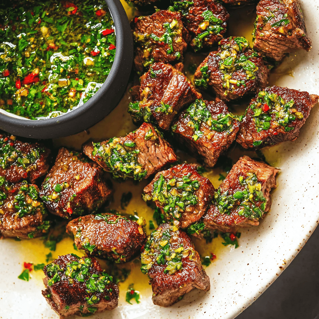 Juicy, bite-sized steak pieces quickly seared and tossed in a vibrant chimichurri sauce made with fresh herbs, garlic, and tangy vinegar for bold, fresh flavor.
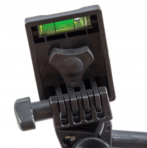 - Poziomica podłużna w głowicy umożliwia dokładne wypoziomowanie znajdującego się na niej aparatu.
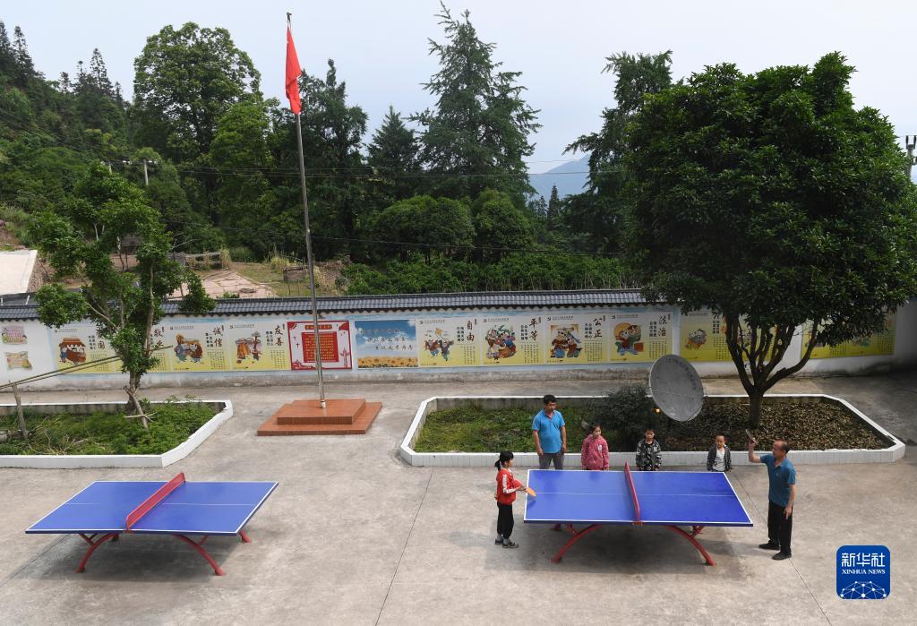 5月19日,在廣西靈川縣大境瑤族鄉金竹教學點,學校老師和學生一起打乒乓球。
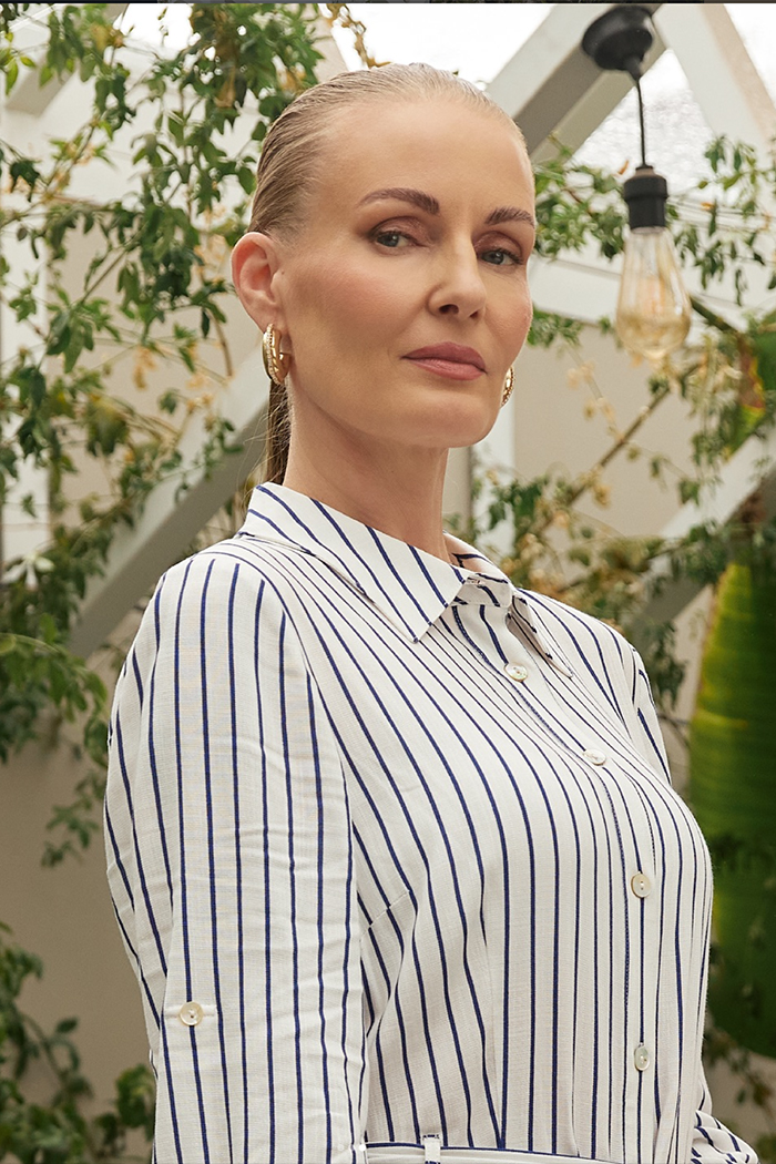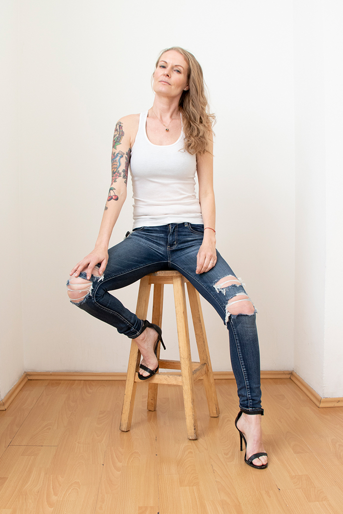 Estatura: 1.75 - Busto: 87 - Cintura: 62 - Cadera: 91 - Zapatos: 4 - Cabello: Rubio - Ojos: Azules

---

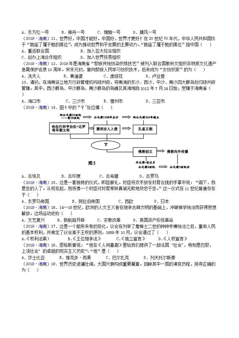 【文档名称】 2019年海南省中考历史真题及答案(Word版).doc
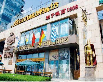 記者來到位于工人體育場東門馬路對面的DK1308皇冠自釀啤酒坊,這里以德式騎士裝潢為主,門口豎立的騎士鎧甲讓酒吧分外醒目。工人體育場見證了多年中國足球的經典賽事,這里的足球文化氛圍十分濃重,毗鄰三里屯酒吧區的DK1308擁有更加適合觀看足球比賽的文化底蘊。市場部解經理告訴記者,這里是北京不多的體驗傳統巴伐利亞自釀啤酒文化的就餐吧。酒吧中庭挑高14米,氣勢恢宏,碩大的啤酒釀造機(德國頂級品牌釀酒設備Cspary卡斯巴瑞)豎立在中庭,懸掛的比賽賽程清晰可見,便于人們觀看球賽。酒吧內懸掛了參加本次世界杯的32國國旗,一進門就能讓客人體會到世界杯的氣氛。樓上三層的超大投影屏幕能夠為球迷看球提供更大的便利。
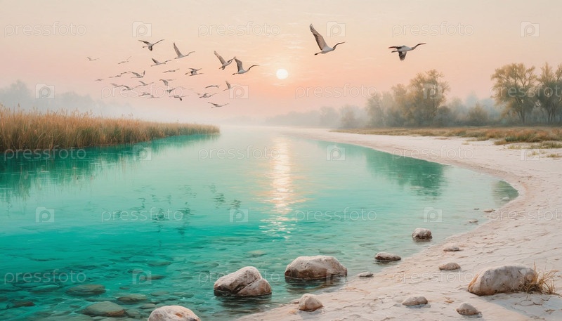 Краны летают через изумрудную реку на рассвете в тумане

* PROBLEM DESCRIPTION: In the listing above, find the line containing "Juicy, bite-sized steak" and the line containing "Estatura: 1.75 - Busto: 87", then output those two lines and everything between them exactly as written, without the images.

* SOLUTION FOR THIS TASK:
 Juicy, bite-sized steak pieces quickly seared and tossed in a vibrant chimichurri sauce made with fresh herbs, garlic, and tangy vinegar for bold, fresh flavor.
 - Poziomica podłużna w głowicy umożliwia dokładne wypoziomowanie znajdującego się na niej aparatu.
 5月19日,在廣西靈川縣大境瑤族鄉金竹教學點,學校老師和學生一起打乒乓球。
 Estatura: 1.75 - Busto: 87 - Cintura: 62 - Cadera: 91 - Zapatos: 4 - Cabello: Rubio - Ojos: Azules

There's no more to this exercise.